Preparation of complexes for cryo-EM

Pol ε D275A;E277A with PCNA on matched DNA in the presence of ddATP

Exonuclease-deficient Pol ε was mixed with 1.5-fold molar excess DNA (pair 1) and diluted with a buffer containing 25 mM HEPES–NaOH pH 7.5, 50 mM sodium acetate, 0.5 mM TCEP, 10 mM magnesium acetate (binding buffer + 50 mM sodium acetate) to reach an ionic strength approximately corresponding to binding buffer + 100 mM sodium acetate. Mixtures were incubated on ice for 1 h. PCNA was separately adjusted to a matching ionic strength as above before mixing with Pol ε and DNA in 1.5-fold molar excess over Pol ε. After 45 min of further incubation on ice, the mixtures were concentrated to approximately 60 µl using an Amicon ultra centrifugal filter with a 30 kDa molecular weight cutoff. Monovalent streptavidin was added at twofold molar excess and ddATP was added to 250 µM concentration. The mixture was centrifuged at 21,000g for 5 min before injection onto a 2.4 ml S200 increase 3.2/300 column equilibrated with binding buffer + 100 mM sodium acetate. Peak fractions were identified by SDS–PAGE, concentrated to ~0.55 mg ml−1 and supplemented with an additional 125 µM ddATP. A 12 µl aliquot was supplemented with 3 µl of 0.05% glutaraldehyde and incubated on ice for 10 min.

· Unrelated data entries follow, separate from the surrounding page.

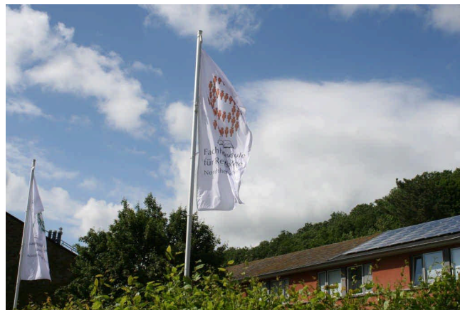
Fachhochschule für Rechtspflege Nordrhein-Westfalen in Bad Münsterfeld

tung gelten die Grundsätze der Wirtschaftlichkeit und Sparsamkeit (§ 6
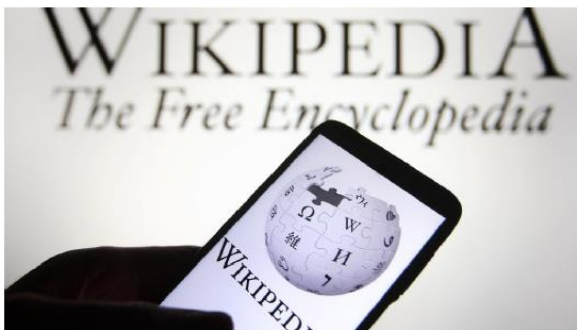
Logotipo de Wikipedia. Pavlo Gonchar

elDiario.es 4 de abril de 2022 - 19:04h □ 0
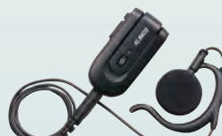
ワイヤレス・イヤホンマイク EME-80BMA
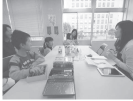
【場面② 授業開始、自己紹介】
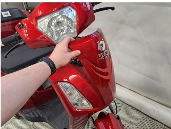
Ota etupaneeli pois.

A 3.5 µl sample was applied to freshly glow-discharged (PELCO easiGlow 91000, glow for 45 s at 25 mA and 0.39 mbar) UltrAuFoil R1.2/1.3, manually blotted on the top face for 2 s and immediately plunged into liquid ethane at liquid nitrogen temperature. This sample was separately analyzed in negative-stain room temperature transmission electron microscopy, as described below. Separately, for samples with CHAPSO detergent, Pol ε was mixed with 1.3-fold molar excess DNA, an equimolar amount of PCNA and ddATP as described above. After incubation on ice, the sample was concentrated to 4.3 mg ml−1 (approximately 10 µM). CHAPSO was added to a final concentration of 8 mM immediately before vitrification on UltrAuFoil R1.2/1.3 grids as described above. No streptavidin was added to the sample with CHAPSO detergent.

Wild-type Pol ε with PCNA on mismatched DNA in the presence of ddATP

For the reconstitution of Pol ε–PCNA mismatched DNA, we used wild-type Pol ε instead of the exonuclease-inactive variant and substituted Ca2+ for Mg2+ in the reconstitution buffers. Pol ε was mixed with 1.5-fold molar excess mismatch DNA (pair 2) and diluted with binding buffer + 50 mM sodium acetate as described above, substituting calcium acetate for magnesium acetate. After incubation on ice for 15 min, PCNA was added and incubated for a further 20 min on ice. The mixtures were supplemented with ddATP and subjected to size-exclusion chromatography as described above; peak fractions were pooled, concentrated to approximately 40 µl (~0.44 mg ml−1) and supplemented with 125 µM ddATP. A 12 µl aliquot was mixed with 3 µl of 0.05% glutaraldehyde and incubated on ice for 6 min. A 3.5 µl sample was applied to freshly glow-discharged (Edwards S150B for 50 s at 33 mA) UltrAuFoil R1.2/1.3, manually blotted on the top face for 2 s and immediately plunged into liquid ethane at liquid nitrogen temperature. Separately, for samples with CHAPSO detergent, Pol ε was mixed with twofold molar excess DNA and an equimolar amount of PCNA in calcium-substituted binding buffer as above. The mixture was incubated at 30 °C for 15 min, returned to ice for an additional 30 min and concentrated to 3.5 mg ml−1 (approximately 8 µM). For plunge-freezing, the sample was supplemented with 0.015% glutaraldehyde and incubated on ice for 5 min. CHAPSO was added to a final concentration of 8 mM immediately before vitrification on UltrAuFoil R1.2/1.3 grids as described above.

Cryo-EM data collection

Pol ε D275A;E277A with PCNA on matched DNA in the presence of ddATP (dataset 1)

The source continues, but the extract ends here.